In parallel, we have interviews with five Portuguese architects – Ana Tostões, Ana Vaz Milheiro, José António Bandeirinha, Jorge Figueira and Ricardo Carvalho – and four French critics – Jean-Louis Cohen, Jacques Lucan, Dominique Machabert and Francis Rambert –, personalities who recognise the knowledge sustaining and underpinning Portuguese architecture and that in themselves represent highly distinct gazes. We shall confront the opinions of the Portuguese with those of the French and something that makes particular sense at an exhibition in Paris.

Teatre Bleu, Almada

Teatre Bleu, Almada

FIVE MOMENTS OF PORTUGUESE ARCHITECTURE ON EXHIBITION:

1. universalism vs. (inter)nationalism (1960-1974)

This portrays the confrontation with the dying gasps of the nationalist dictatorship of Oliveira Salazar but also alongside the debate over internationalism within the scope of Portuguese architects. “In the 1960, the architects sought to follow the international trends but without giving up on turning to Popular Architecture in Portugal and to its respective spatial teachings”, the curator explains.

2. universalism vs. colonialism (1961-1975)
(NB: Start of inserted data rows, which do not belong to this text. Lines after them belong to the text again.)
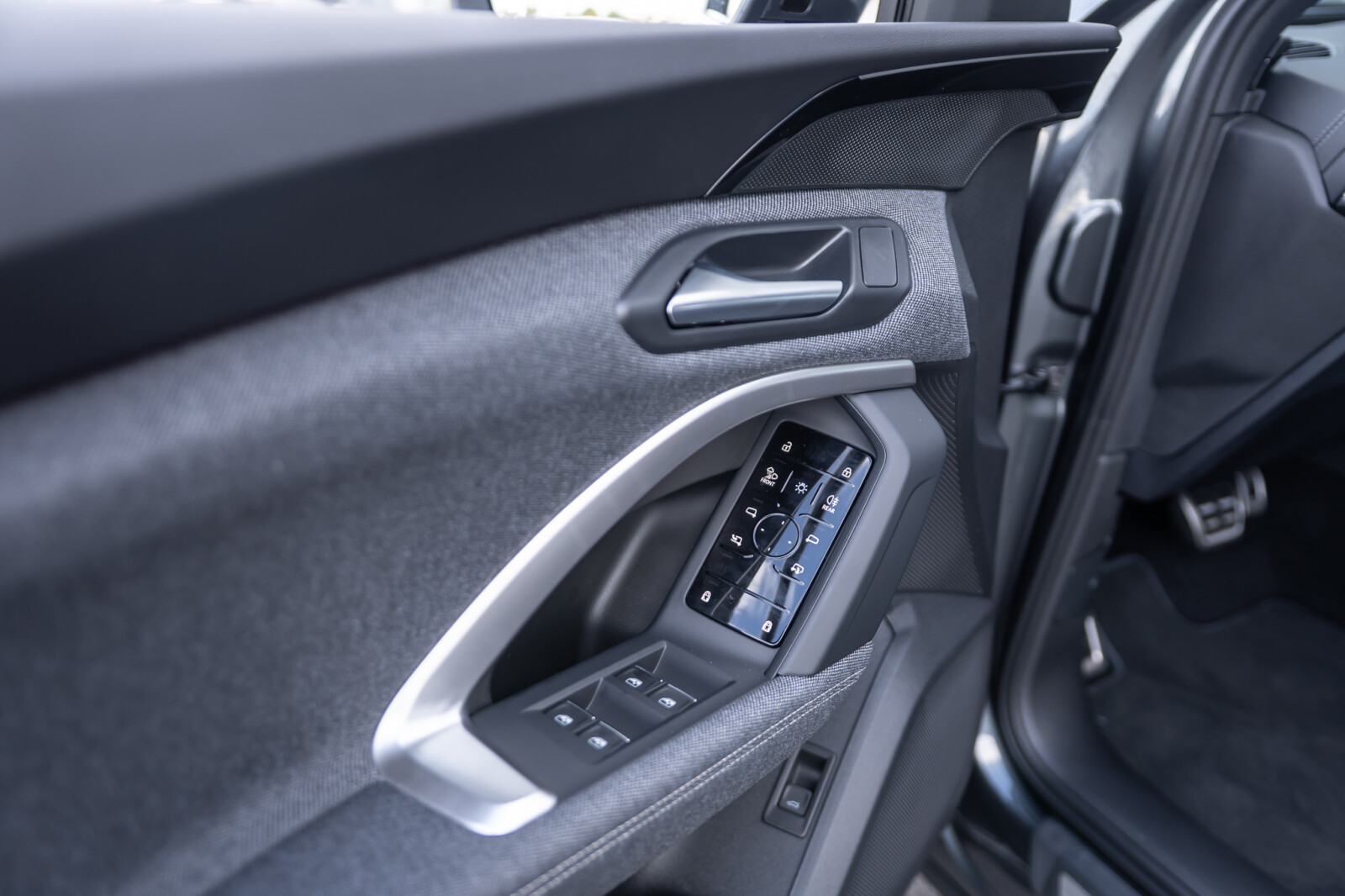 • górne elementy wnętrza pokryte tkaniną Kaskade¹, dolne elementy pokryte skórą ekologiczną: elementy dekoracyjne na tablicy rozdzielczej oraz w drzwiach i podłokietnikach z tkaniny Kaskade¹, kontrastowy szew na podłokietnikach w drzwiach, elementy na wysokości kolan na konsoli środkowej pokryte czarną skórą ekologiczną z kontrastowym szwem
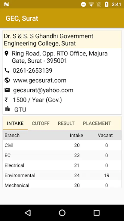 >> Complete College Details like Contact Detail, Fees, Seats, etc.
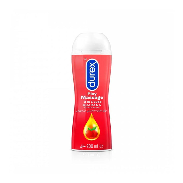 Durex Play Massage 2In1 Stimulating Gel is a premium water-based lubricant designed for both massage and intimate use. Enriched with Guarana extract, known for its caffeine content, it promotes alertness, enhances mood, and heightens physical endurance. The gel has a smooth, silky texture suitable for full-body massage and intimate areas, adding a stimulating sensory element with its delicate fragrance.
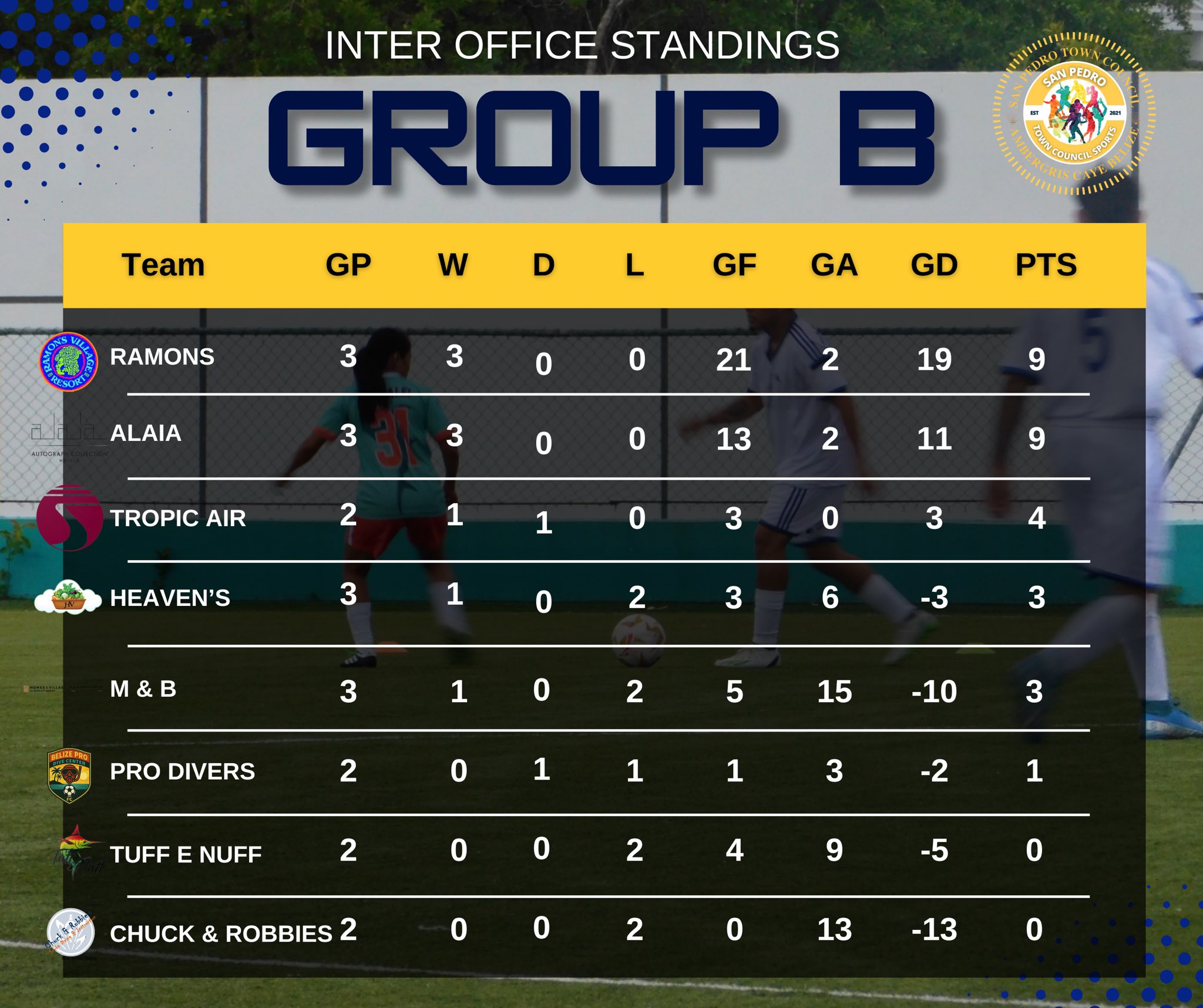 In Group B, Ramon’s Village and Alaia share the lead with nine points each. Tropic Air holds third place with four points, while Heaven’s Veggies and M & B follow with three points each.

This theme exposes the questions facing architects working in Portuguese colonial Africa, especially Mozambique and Angola: how to produce a tropicalist architecture in accordance with the international modernism trends? “It is highly interesting to contemplate how some architects worked based upon this fusion between erudite European and Brazilian trends  and the indigenous African cultures”, the curator observes.

3. universalism vs. revolution (1974-1979)

With the 25 April revolution, one of the problems facing the first provisional government was the “right to social housing”. This proves a key moment in which the architect emerges as a social actor attempting to improve the living conditions of the people. The SAAL (Local Touring Support Service) process, launched by Nuno Portas, then State Secretary for Housing, had a major impact between 1974 and 1976.

4. universalism vs. Europeanism (1980-2000)

“How did we move to enter the European Union and what consequences did this bring to Portuguese architecture?”, asks Nuno Grande. The response comes with structural funding and new opportunities for architects both in Portugal and internationally. With the opening up to the European market, Portuguese architects began submitting entries to international tenders and getting their first works published in prestigious magazines and journals – especially in France, where Portuguese architecture had remained all but unknown through to 25 April. “The way in which we related to Europe, that had hitherto been relatively distant, changed decisively”, highlights the curator.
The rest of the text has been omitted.